[Items from a dataset]
:::
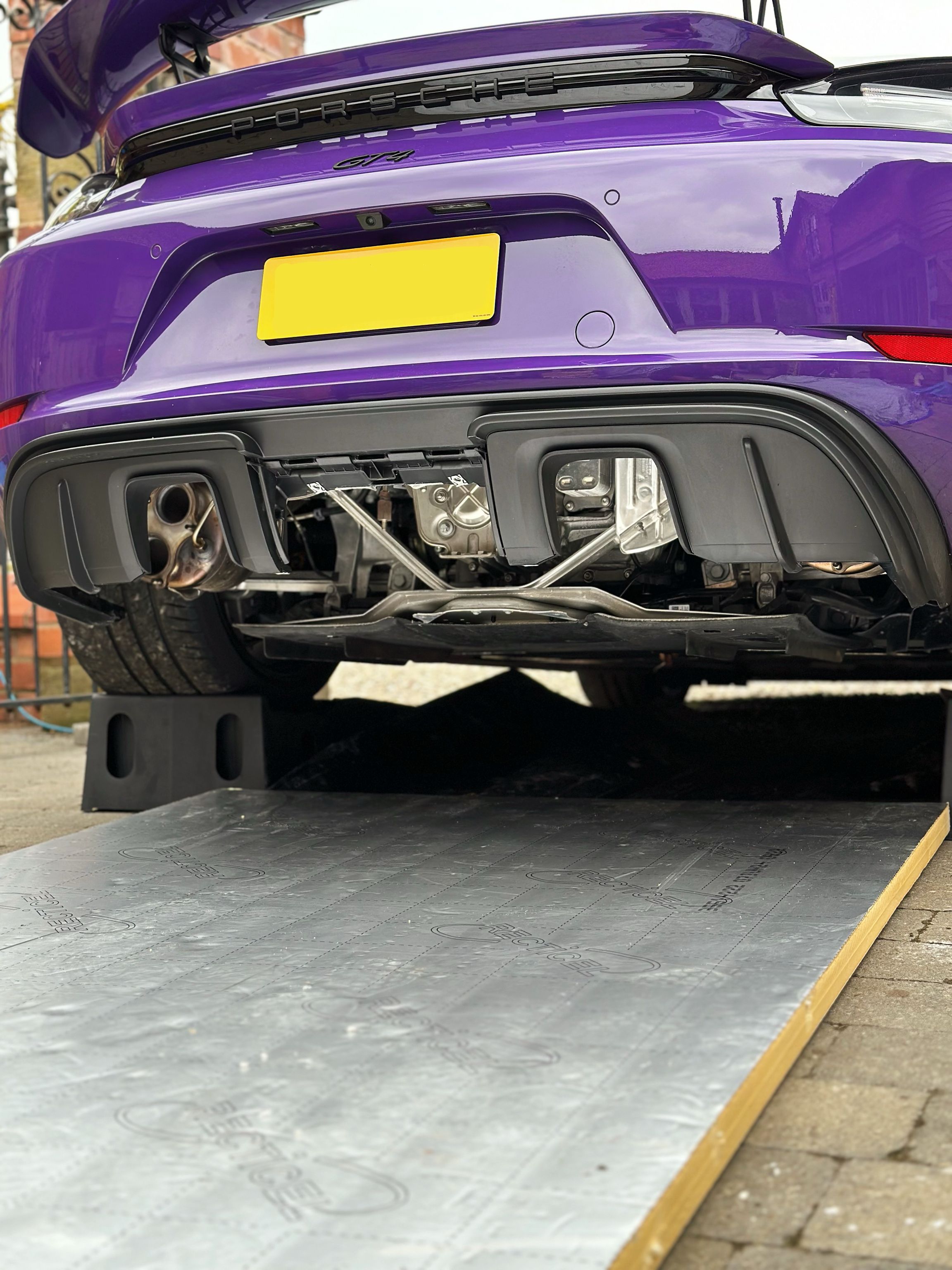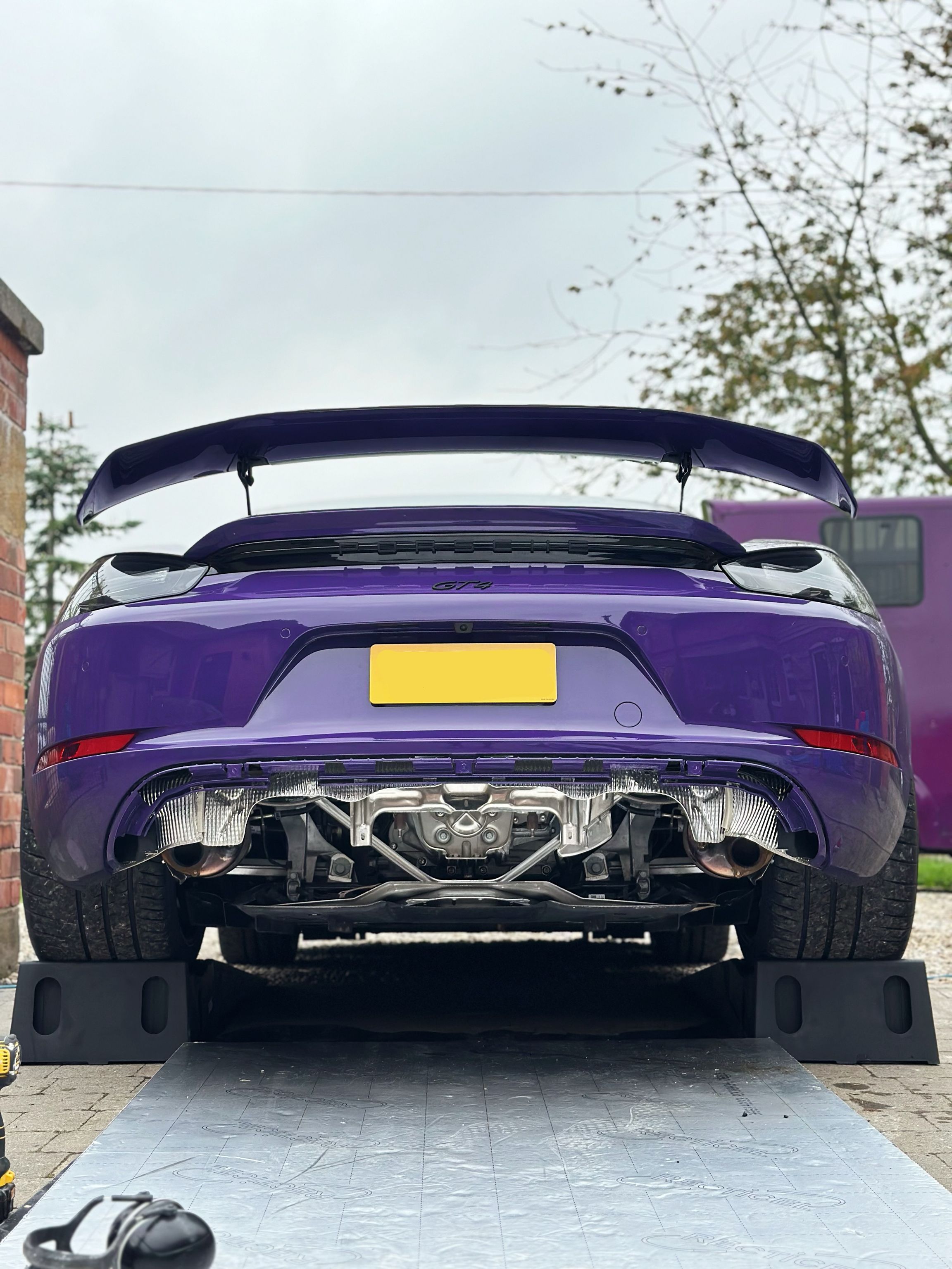 I couldn't bare that lovely looking Brooke Racing Exhausts Inconel 625 pipe sitting there, not doing anything. I had a spare hour, so decided to get to work on fitting it to the GT4. The garage is still out of order, so I decided to work 'old school', in the open air, within courtyard.
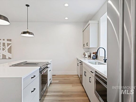 Contemporary comfort in a prime Boise Bench location. A rare opportunity to own new construction just minutes from Boise State, Downtown & Micron. This stylishly appointed residence blends low-maintenance living with thoughtful design & upscale finishes throughout. With three spacious bedrooms each with a private ensuite bath the layout offers flexibility for modern living, extended guests, or remote work. Soaring ceilings & expansive windows radiate the interior with natural light, highlighting custom cabinetry, designer fixtures & wide-plank luxury vinyl flooring. The gourmet kitchen is anchored by a waterfall-edge quartz island & equipped with a premium KitchenAid® appliance package & a large walk-in pantry, all overlooking the open great room & patio.The lower-level suite offers ideal separation for a home office, studio, or guest quarters, while the spacious two-car garage provides secure parking & additional storage. Whether it’s a lock-and-leave lifestyle, long-term investment, or short-term rental potential, this home offers exceptional versatility. Located within Midtown Heights, a boutique collection of 35 newly built homes by Tresidio Homes, a trusted local builder known for elevated design & quality craftsmanship. Designed for easy living, the community offers professionally managed landscaping & exterior upkeep through the HOA
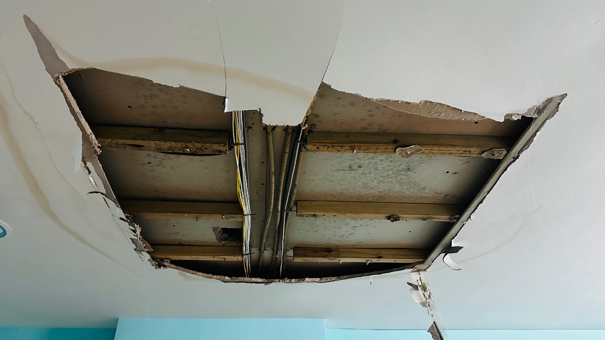 I need a section of my dining room ceiling repaired where plasterboard was removed due to a water leak from the upstairs bathroom. The leak has been identified and is being repaired. I now need someone to install it . The damaged area is small (well under 1 sqm), but the opening may need to be squared for a proper repair.
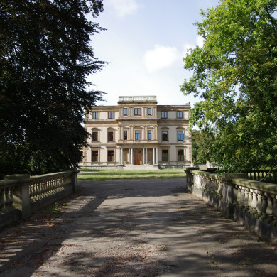 BRUG NAAR HET VOORPLEIN. Bakstenen boogbrug met sierende delen van natuursteen, omstreeks 1806 gebouwd door B.W.H. Ziesenis, gewijzigd tussen 1880 en 1884. Brede brug met naar het voorplein omhoog hellend wegdek. De bruggehoofden buigen op de oevers ver naar buiten uit; aan de noordzijde gaan de keermuren over in die van het voorplein.
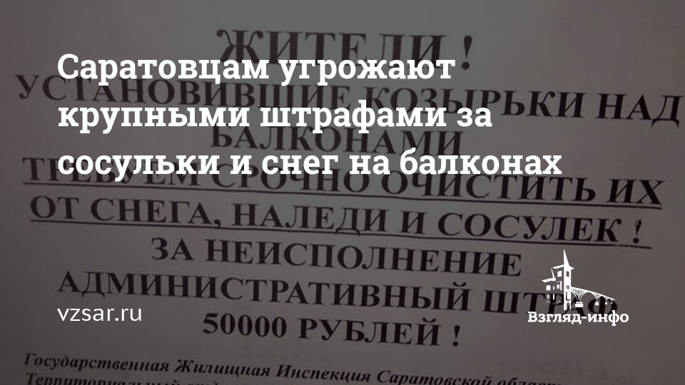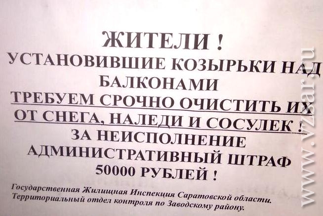 В Саратове неизвестные распространяют листовки с угрозами от имени Госжилинспекции. Как сообщает пресс-служба ведомства, на подъездах жилых домов кто-то расклеивает объявления, в которых содержится требование к жильцам очистить от снега и сосулек козырьки над балконами. За неисполнение гражданам якобы грозит штраф в размере 50 тысяч рублей. В частности, подобные листовки были обнаружены на доме №30 по ул. Ново-Астраханская.
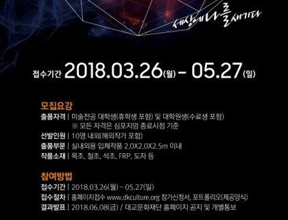 이번 "Art Audition 2016" (gw엔터테인먼트 주최) 국내 복합장르 및 개별 전문분야 예술대중화를 목표로 진행되는 차세대 아티스트 발굴 오디션 시스템입니다.이번 시즌.1은 국내 예술문화장르 중 “대중음악과 시각예술” 장르에 한하여 시작합니다.그리고, 추 후 시즌.2에서는 다양한 장르의 확장 및 아트 콜라보레이션을 선보일 예정입니다.대상>>대상 : 제한없음>>분야 : 시각예술(평면, 입체, 영상, 사진, 공예, 디자인 등) / 대중 음악(싱어송라이터)>>주최 : 지웍스…
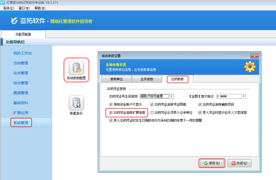 打开“系统管理”—》“系统参数配置”,在“出纳参数”界面勾选“出纳凭证启用扩展信息”然后保存,如图1所示。
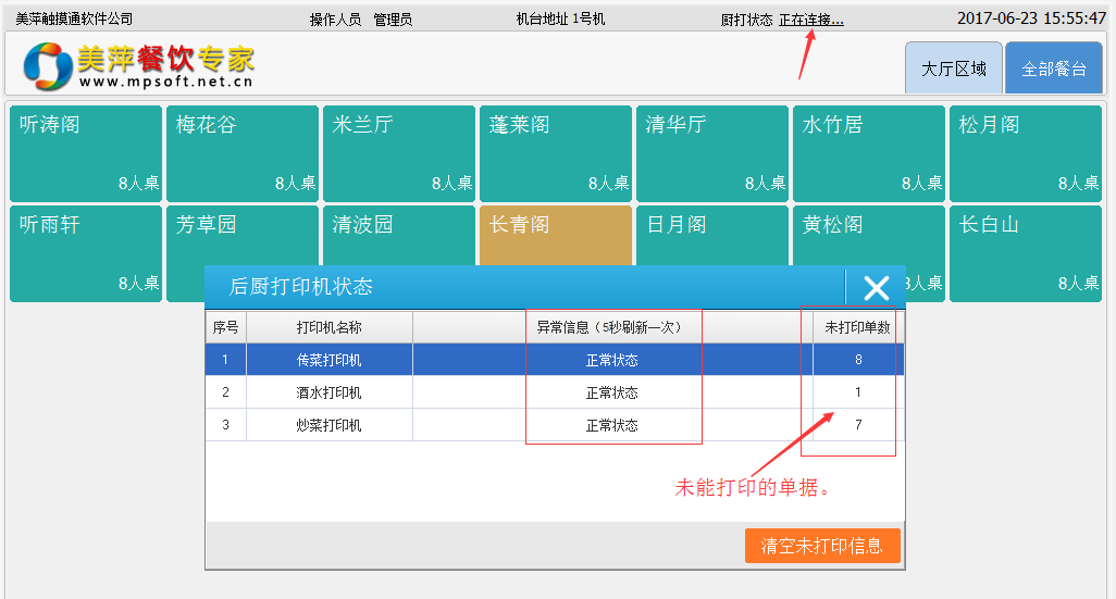 | 3.后厨打印状态:前台可以随时掌控厨房打印机的运行状况。 |
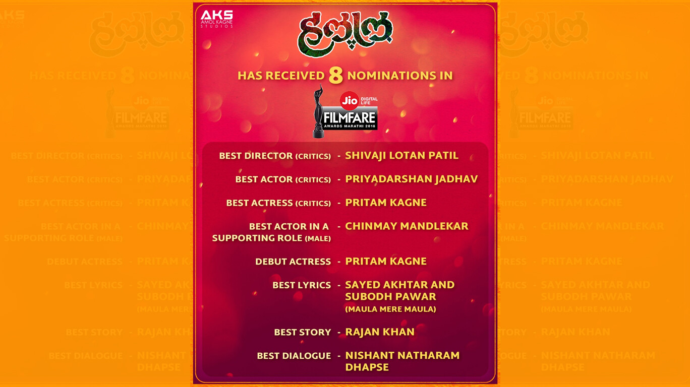 शिवाजी लोटन पाटील यांना दिग्दर्शनासाठी क्रिटिक्स नामांकन, प्रियदर्शन जाधवला सर्वोत्कृष्ट अभिनेत्यासाठी क्रिटिक्स नामांकन, प्रीतम कागणेला सर्वोत्कृष्ट अभिनेत्री क्रिटिक्स नामांकन आणि पदार्पणासाठीही नामांकन मिळालं आहे. तसंच चिन्मय मांडलेकरला सहाय्यक अभिनेत्यासाठी, सईद अख्तर यांना ‘मौला मौला...’ या गाण्यासाठी, सुबोध पवार यांना सर्वोत्कृष्ट गीतासाठी, राजन खान यांना सर्वोत्कृष्ट कथेसाठी आणि निशांत ढापसे यांना सर्वोत्कृष्ट पटकथेसाठी नामांकन मिळाली आहेत.
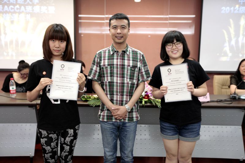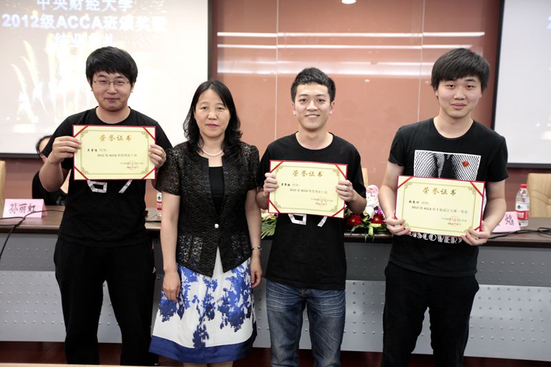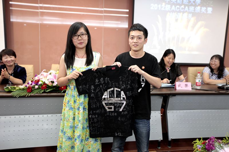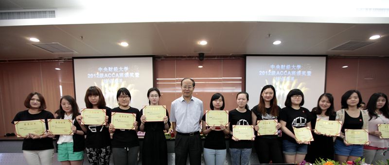 随后,孟焰院长为2012级ACCA班优秀学生颁发奖状,武羿副院长为2012级ACCA班优秀学生干部、班服创意大赛优胜者颁奖。
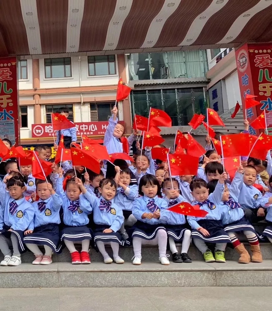 2019年9月28日,甘肅甘谷。幼兒園的小朋友歡快地揮動手中的五星紅旗,祝福祖國生日快樂!作者:草野沐風
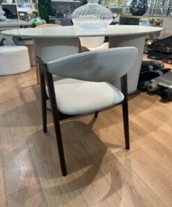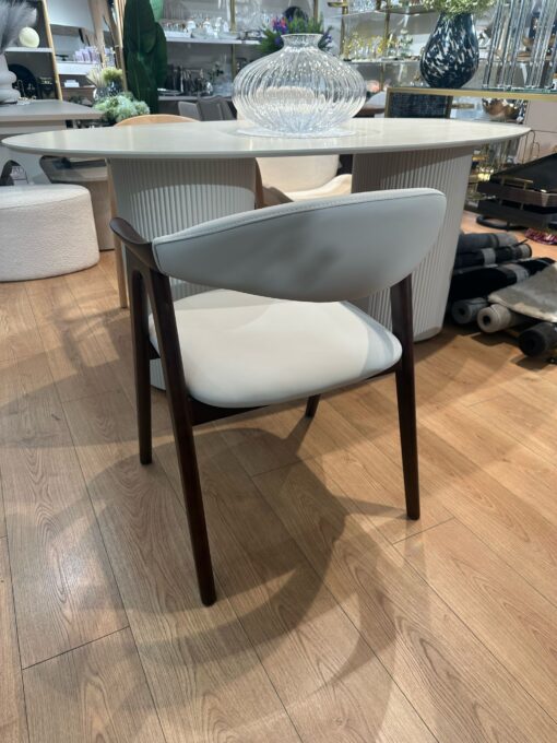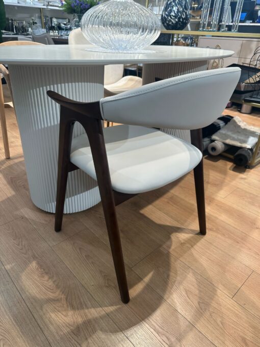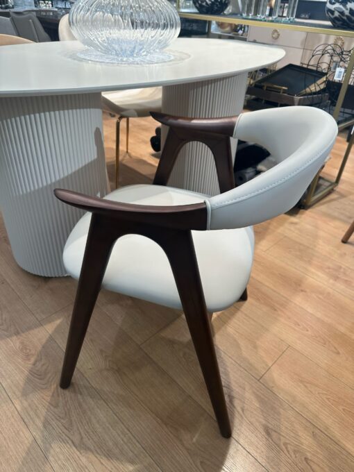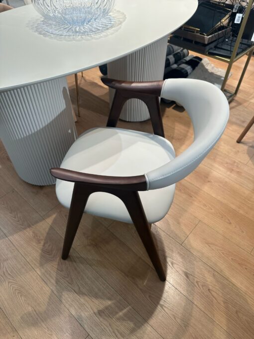 כסא אוכל מייקל – אגוז מרופד שמנת דמוי עור
:::
■ Exercise
Keep every word of the records exact as you write them out, but drop the pictures.

■ The completed task
 I couldn't bare that lovely looking Brooke Racing Exhausts Inconel 625 pipe sitting there, not doing anything. I had a spare hour, so decided to get to work on fitting it to the GT4. The garage is still out of order, so I decided to work 'old school', in the open air, within courtyard.
 Contemporary comfort in a prime Boise Bench location. A rare opportunity to own new construction just minutes from Boise State, Downtown & Micron. This stylishly appointed residence blends low-maintenance living with thoughtful design & upscale finishes throughout. With three spacious bedrooms each with a private ensuite bath the layout offers flexibility for modern living, extended guests, or remote work. Soaring ceilings & expansive windows radiate the interior with natural light, highlighting custom cabinetry, designer fixtures & wide-plank luxury vinyl flooring. The gourmet kitchen is anchored by a waterfall-edge quartz island & equipped with a premium KitchenAid® appliance package & a large walk-in pantry, all overlooking the open great room & patio.The lower-level suite offers ideal separation for a home office, studio, or guest quarters, while the spacious two-car garage provides secure parking & additional storage. Whether it’s a lock-and-leave lifestyle, long-term investment, or short-term rental potential, this home offers exceptional versatility. Located within Midtown Heights, a boutique collection of 35 newly built homes by Tresidio Homes, a trusted local builder known for elevated design & quality craftsmanship. Designed for easy living, the community offers professionally managed landscaping & exterior upkeep through the HOA
 I need a section of my dining room ceiling repaired where plasterboard was removed due to a water leak from the upstairs bathroom. The leak has been identified and is being repaired. I now need someone to install it . The damaged area is small (well under 1 sqm), but the opening may need to be squared for a proper repair.
 BRUG NAAR HET VOORPLEIN. Bakstenen boogbrug met sierende delen van natuursteen, omstreeks 1806 gebouwd door B.W.H. Ziesenis, gewijzigd tussen 1880 en 1884. Brede brug met naar het voorplein omhoog hellend wegdek. De bruggehoofden buigen op de oevers ver naar buiten uit; aan de noordzijde gaan de keermuren over in die van het voorplein.
 В Саратове неизвестные распространяют листовки с угрозами от имени Госжилинспекции. Как сообщает пресс-служба ведомства, на подъездах жилых домов кто-то расклеивает объявления, в которых содержится требование к жильцам очистить от снега и сосулек козырьки над балконами. За неисполнение гражданам якобы грозит штраф в размере 50 тысяч рублей. В частности, подобные листовки были обнаружены на доме №30 по ул. Ново-Астраханская.
 이번 "Art Audition 2016" (gw엔터테인먼트 주최) 국내 복합장르 및 개별 전문분야 예술대중화를 목표로 진행되는 차세대 아티스트 발굴 오디션 시스템입니다.이번 시즌.1은 국내 예술문화장르 중 “대중음악과 시각예술” 장르에 한하여 시작합니다.그리고, 추 후 시즌.2에서는 다양한 장르의 확장 및 아트 콜라보레이션을 선보일 예정입니다.대상>>대상 : 제한없음>>분야 : 시각예술(평면, 입체, 영상, 사진, 공예, 디자인 등) / 대중 음악(싱어송라이터)>>주최 : 지웍스…
 打开“系统管理”—》“系统参数配置”,在“出纳参数”界面勾选“出纳凭证启用扩展信息”然后保存,如图1所示。
 | 3.后厨打印状态:前台可以随时掌控厨房打印机的运行状况。 |
 शिवाजी लोटन पाटील यांना दिग्दर्शनासाठी क्रिटिक्स नामांकन, प्रियदर्शन जाधवला सर्वोत्कृष्ट अभिनेत्यासाठी क्रिटिक्स नामांकन, प्रीतम कागणेला सर्वोत्कृष्ट अभिनेत्री क्रिटिक्स नामांकन आणि पदार्पणासाठीही नामांकन मिळालं आहे. तसंच चिन्मय मांडलेकरला सहाय्यक अभिनेत्यासाठी, सईद अख्तर यांना ‘मौला मौला...’ या गाण्यासाठी, सुबोध पवार यांना सर्वोत्कृष्ट गीतासाठी, राजन खान यांना सर्वोत्कृष्ट कथेसाठी आणि निशांत ढापसे यांना सर्वोत्कृष्ट पटकथेसाठी नामांकन मिळाली आहेत.
 随后,孟焰院长为2012级ACCA班优秀学生颁发奖状,武羿副院长为2012级ACCA班优秀学生干部、班服创意大赛优胜者颁奖。
 2019年9月28日,甘肅甘谷。幼兒園的小朋友歡快地揮動手中的五星紅旗,祝福祖國生日快樂!作者:草野沐風
 כסא אוכל מייקל – אגוז מרופד שמנת דמוי עור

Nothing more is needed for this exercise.